Data extracted from a collection
.....

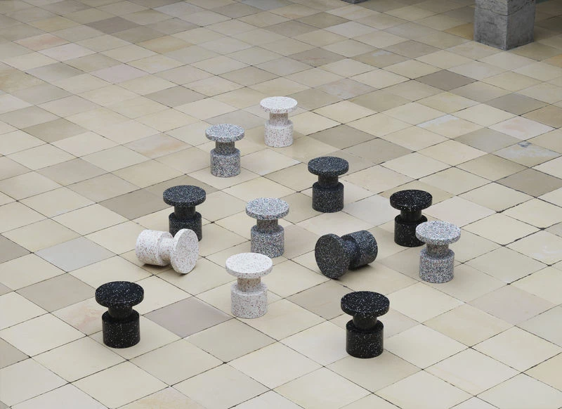 The Bit stool proves it’s possible to give waste a second life to create a new object that’s beautiful, useful and durable. This plastic stool is made from recycled industrial and household waste. Cheerful and subtly coloured, this plastic material presents irregular speckled patterns that give it a mineral aspect, reminiscent of terrazzo or granite. Each Bit stool is unique, their colour and patterns varying slightly from piece to piece. Highly sculptural, the monolithic shape of the Bit stool is inspired by Greek columns and Roman architecture. The rough appearance of the solid lines contrasts nicely with the delicacy of the pixelated pattern made up of a multitude of coloured plastic glitter pieces. Bit is multifunctional: stool, small side table, bedside table or pedestal to highlight a flower arrangement or lamp… The Bit stool is available in four captivating colour combinations.
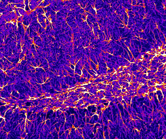 Astrocytes in the mouse hippocampus stained against GFAP
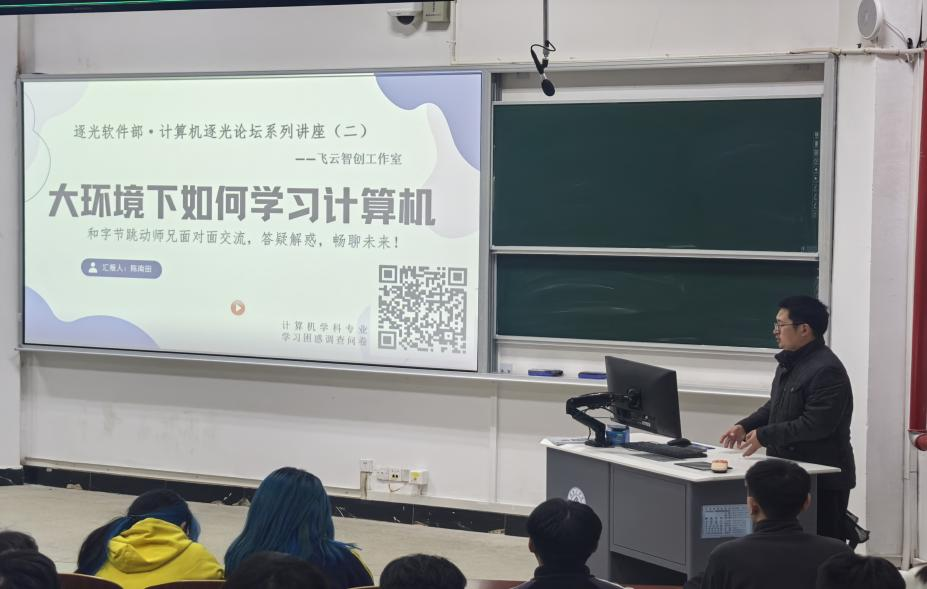 为帮助同学们更好地适应快速变化的社会和就业市场,提升个人的职业竞争力,2024年12月19日,计算机科学与工程学院计算机协会在信息楼2113举办了以“大环境下如何学习计算机”为主题的分享会,特别邀请了在计算机专业知识学习及软件工程实践上有丰富经验的大四学长陈南田作为主讲嘉宾。计算机科学与工程学院副院长戴成秋、计算机基础教研室主任周瑞玲、大数据教研室周文剑老师及学院部分学生参加了本次活动。
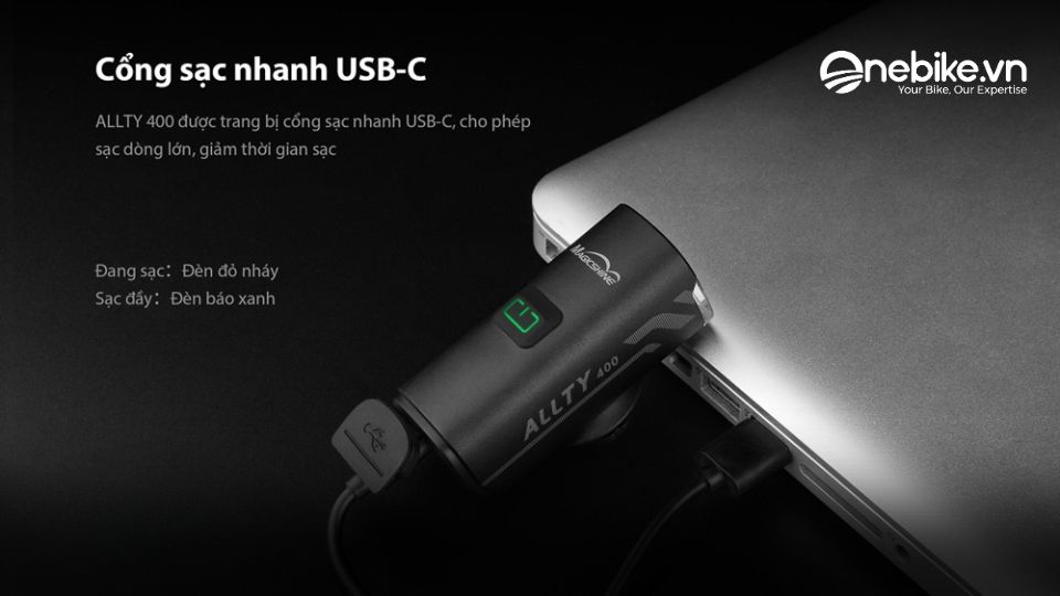 Cổng Sạc USB-C: Đèn hậu sử dụng cổng Micro USB-C, dễ dàng sạc lại và giúp bạn tiết kiệm thời gian trong việc chuẩn bị cho những chuyến đi dài.
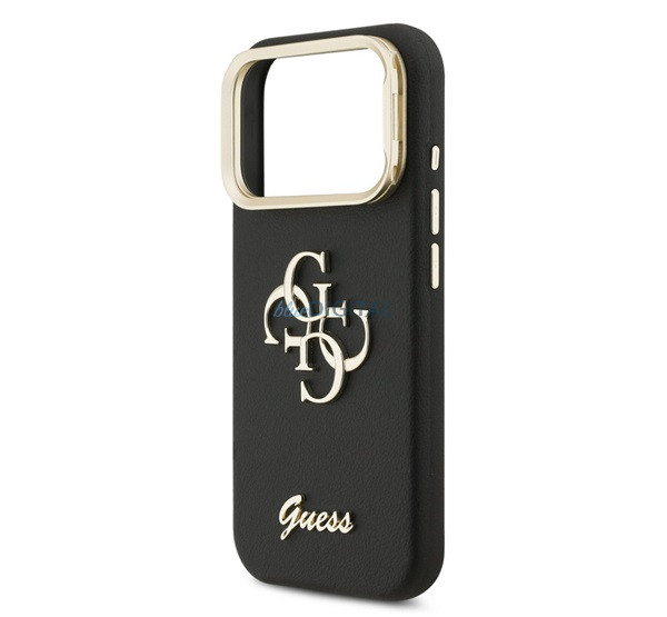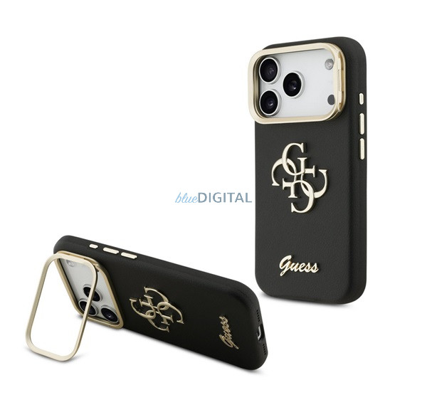 GUESS GRAINED BIG 4G & STAND CAMERA szilikon telefonvédő (műanyag hátlap, ECO bőr hatású hátlap, kitámasztó) FEKETE Apple iPhone 17 Pro Max
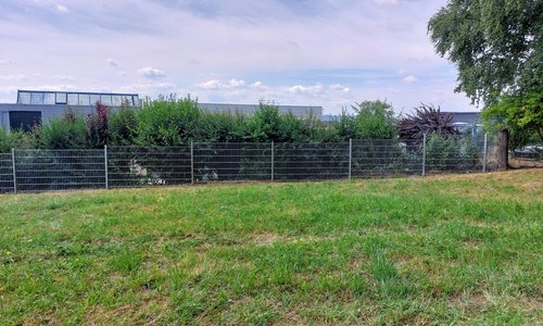 Fence type: | Doppelstabmatten schwer verzinkt mit Pfosten 40x60 verzinkt mit Abdeckleisten einbetoniert |
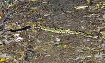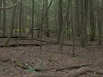 Greenbrier is underlain by a Precambrian metamorphic rock formation of the Ocoee Supergroup known as Roaring Fork Sandstone.[1] This rock type, created from ancient ocean sediments 750 million years ago, dominates the mid-level elevations in the north-central Smokies. As the elevation increases to the south, a thrust fault known as the Greenbrier Fault separates the Roaring Fork sandstone from Thunderhead sandstone and Anakeesta Formation, both of which are common along the Smokies crest. To the north, as the land flattens out (near the park boundary), another thrust fault, the Gatlinburg Fault, separates the Roaring Fork formation from a layer of siltstone, which underlies the foothills around Emert's Cove.[2]
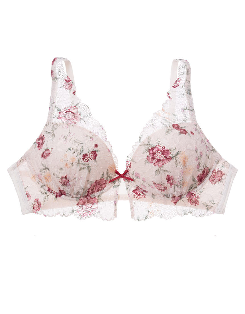 【おすすめポイント】・サイズに応じた厚みの下厚カップで、ちょうどいいボリュームのバストをメイク。・ラクな着け心地のノンワイヤーブラ。・カラフルなプリントレースをふんだんに使った、華やかで大人可愛いルックス。・おそろいのショーツと合わせても、うれしいお手頃プライス。【こんな人、こんな時に】・小胸をボリュームアップしたい・ワイヤー入りブラが苦手・レース使いのフェミニンなデザインが好き・普段使いのブラジャーを安くそろえたい【バストメイク・機能】・Bカップ、C65・70、D65はハリのある下厚カップでボリュームアップ。・C75、D70・75、Eカップはほんのり下厚のカップで、着太りしにくいシルエットに整える。・サイドベルトはパワーネット1枚。両サイドにボーン入りで、安定感を高める。・カップ肌側はポリエステル。【デザイン】・カラーによってそれぞれ雰囲気の異なる、花柄プリントのレースでカップをカバー・縦長のフルカップで、上部は素肌を透かしてほんのり色気あり・カップ下にもレースをやや長めにあしらい、中央にはスリットを入れてフェミニンなアクセント
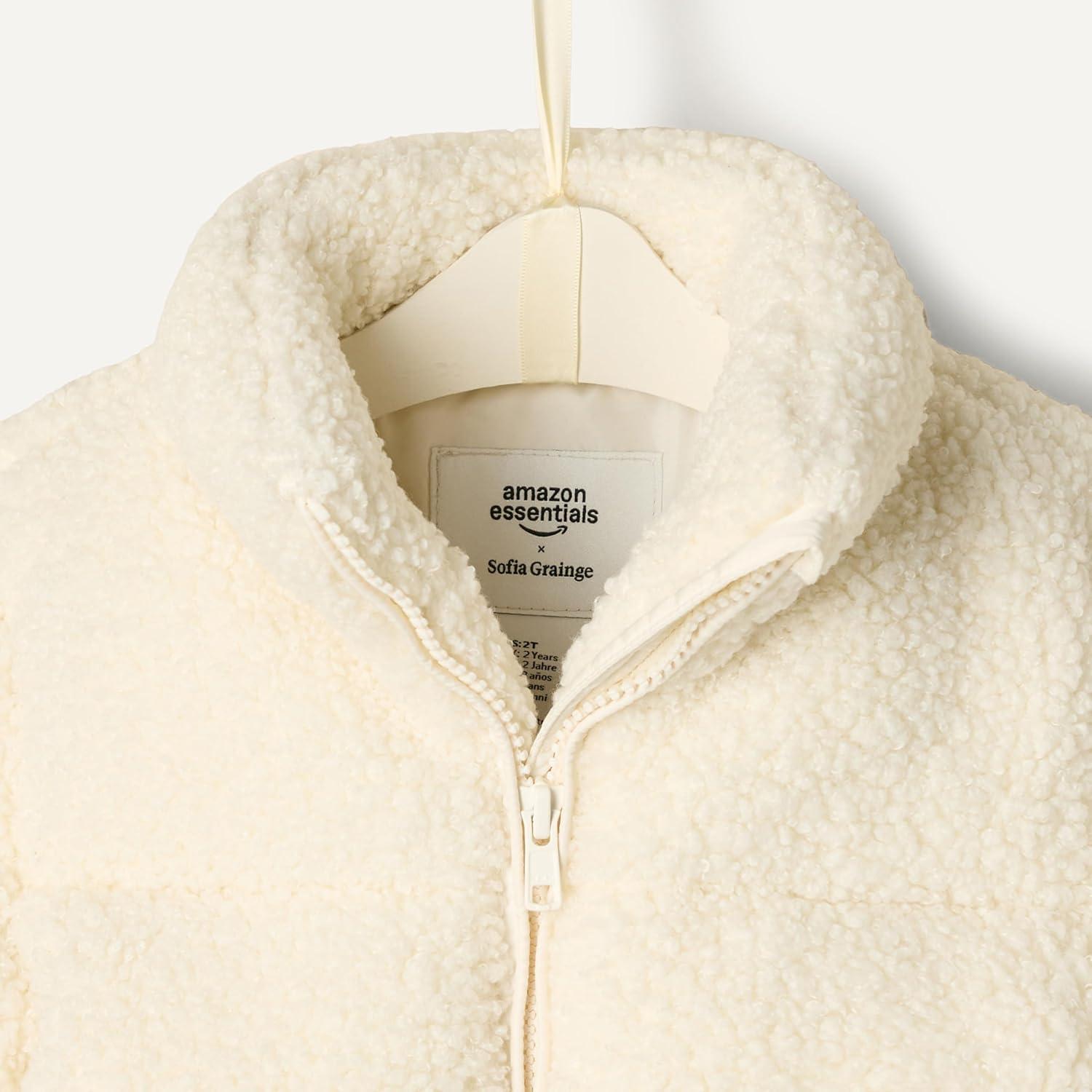 Amazon Essentials x Sofia Grainge Unisex Toddlers and Babies’ Teddy Puffer Jacket(Ivory)

.....

Leave the pictures behind and repeat each entry exactly.

→ **ANSWER BELOW**
 The Bit stool proves it’s possible to give waste a second life to create a new object that’s beautiful, useful and durable. This plastic stool is made from recycled industrial and household waste. Cheerful and subtly coloured, this plastic material presents irregular speckled patterns that give it a mineral aspect, reminiscent of terrazzo or granite. Each Bit stool is unique, their colour and patterns varying slightly from piece to piece. Highly sculptural, the monolithic shape of the Bit stool is inspired by Greek columns and Roman architecture. The rough appearance of the solid lines contrasts nicely with the delicacy of the pixelated pattern made up of a multitude of coloured plastic glitter pieces. Bit is multifunctional: stool, small side table, bedside table or pedestal to highlight a flower arrangement or lamp… The Bit stool is available in four captivating colour combinations.
 Astrocytes in the mouse hippocampus stained against GFAP
 为帮助同学们更好地适应快速变化的社会和就业市场,提升个人的职业竞争力,2024年12月19日,计算机科学与工程学院计算机协会在信息楼2113举办了以“大环境下如何学习计算机”为主题的分享会,特别邀请了在计算机专业知识学习及软件工程实践上有丰富经验的大四学长陈南田作为主讲嘉宾。计算机科学与工程学院副院长戴成秋、计算机基础教研室主任周瑞玲、大数据教研室周文剑老师及学院部分学生参加了本次活动。
 Cổng Sạc USB-C: Đèn hậu sử dụng cổng Micro USB-C, dễ dàng sạc lại và giúp bạn tiết kiệm thời gian trong việc chuẩn bị cho những chuyến đi dài.
 GUESS GRAINED BIG 4G & STAND CAMERA szilikon telefonvédő (műanyag hátlap, ECO bőr hatású hátlap, kitámasztó) FEKETE Apple iPhone 17 Pro Max
 Fence type: | Doppelstabmatten schwer verzinkt mit Pfosten 40x60 verzinkt mit Abdeckleisten einbetoniert |
 Greenbrier is underlain by a Precambrian metamorphic rock formation of the Ocoee Supergroup known as Roaring Fork Sandstone.[1] This rock type, created from ancient ocean sediments 750 million years ago, dominates the mid-level elevations in the north-central Smokies. As the elevation increases to the south, a thrust fault known as the Greenbrier Fault separates the Roaring Fork sandstone from Thunderhead sandstone and Anakeesta Formation, both of which are common along the Smokies crest. To the north, as the land flattens out (near the park boundary), another thrust fault, the Gatlinburg Fault, separates the Roaring Fork formation from a layer of siltstone, which underlies the foothills around Emert's Cove.[2]
 【おすすめポイント】・サイズに応じた厚みの下厚カップで、ちょうどいいボリュームのバストをメイク。・ラクな着け心地のノンワイヤーブラ。・カラフルなプリントレースをふんだんに使った、華やかで大人可愛いルックス。・おそろいのショーツと合わせても、うれしいお手頃プライス。【こんな人、こんな時に】・小胸をボリュームアップしたい・ワイヤー入りブラが苦手・レース使いのフェミニンなデザインが好き・普段使いのブラジャーを安くそろえたい【バストメイク・機能】・Bカップ、C65・70、D65はハリのある下厚カップでボリュームアップ。・C75、D70・75、Eカップはほんのり下厚のカップで、着太りしにくいシルエットに整える。・サイドベルトはパワーネット1枚。両サイドにボーン入りで、安定感を高める。・カップ肌側はポリエステル。【デザイン】・カラーによってそれぞれ雰囲気の異なる、花柄プリントのレースでカップをカバー・縦長のフルカップで、上部は素肌を透かしてほんのり色気あり・カップ下にもレースをやや長めにあしらい、中央にはスリットを入れてフェミニンなアクセント
 Amazon Essentials x Sofia Grainge Unisex Toddlers and Babies’ Teddy Puffer Jacket(Ivory)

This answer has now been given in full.